INSTRUCTIONS FOR THE TASK:
None of the pictures should appear; the lines from the line containing "2、7月4日國(guó)內(nèi)玉米" through the last line of the listing must be repeated exactly.

RECORDED INFORMATION:
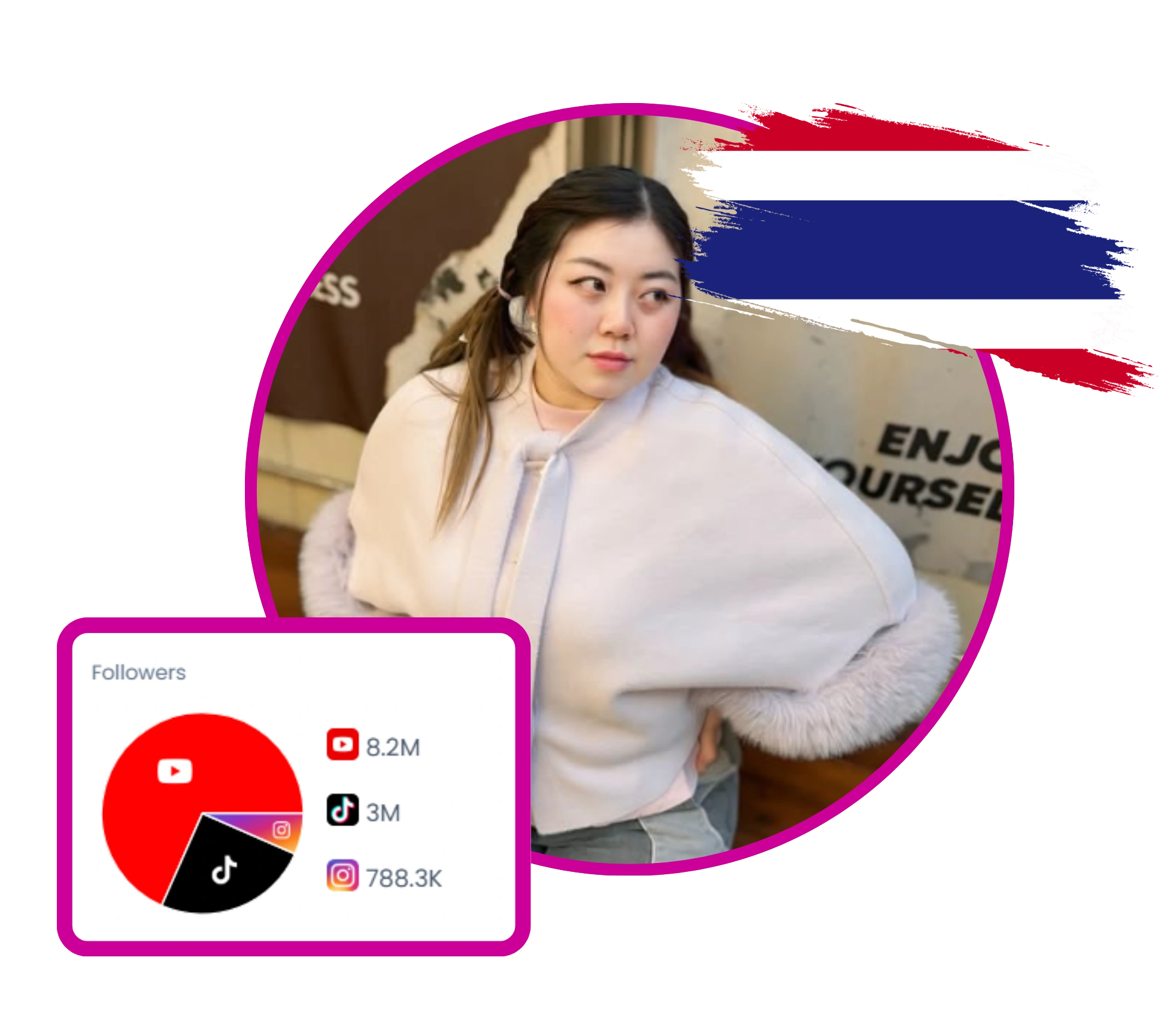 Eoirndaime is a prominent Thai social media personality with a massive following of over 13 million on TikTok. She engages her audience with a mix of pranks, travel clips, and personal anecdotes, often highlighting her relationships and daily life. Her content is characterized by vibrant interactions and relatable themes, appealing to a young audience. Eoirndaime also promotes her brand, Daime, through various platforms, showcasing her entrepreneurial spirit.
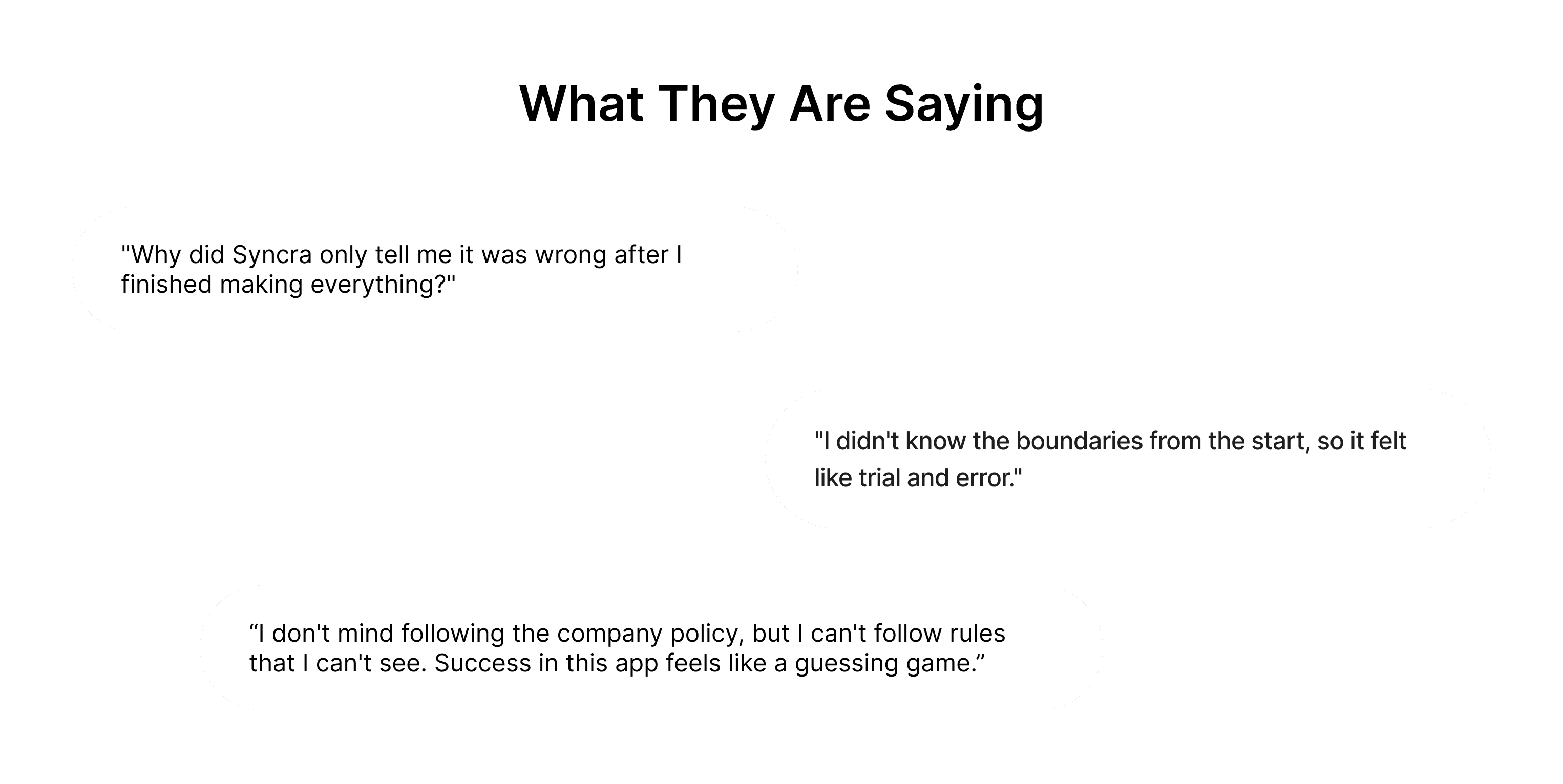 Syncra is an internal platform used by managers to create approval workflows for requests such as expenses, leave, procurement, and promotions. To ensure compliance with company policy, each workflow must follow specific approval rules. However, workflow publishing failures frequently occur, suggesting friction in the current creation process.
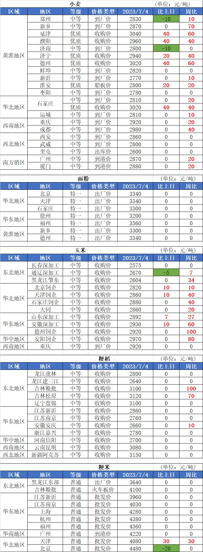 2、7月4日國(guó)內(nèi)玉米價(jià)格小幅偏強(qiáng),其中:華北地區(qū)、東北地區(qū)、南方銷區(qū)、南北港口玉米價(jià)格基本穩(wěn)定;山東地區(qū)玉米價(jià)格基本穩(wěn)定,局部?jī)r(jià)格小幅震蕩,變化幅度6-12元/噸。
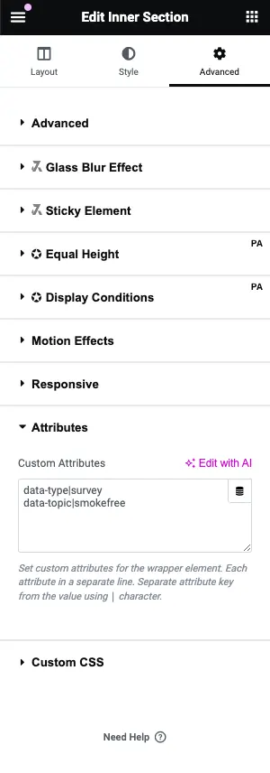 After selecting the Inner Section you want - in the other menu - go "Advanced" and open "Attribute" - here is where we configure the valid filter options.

ANSWER TO THIS EXERCISE:
 2、7月4日國(guó)內(nèi)玉米價(jià)格小幅偏強(qiáng),其中:華北地區(qū)、東北地區(qū)、南方銷區(qū)、南北港口玉米價(jià)格基本穩(wěn)定;山東地區(qū)玉米價(jià)格基本穩(wěn)定,局部?jī)r(jià)格小幅震蕩,變化幅度6-12元/噸。
 After selecting the Inner Section you want - in the other menu - go "Advanced" and open "Attribute" - here is where we configure the valid filter options.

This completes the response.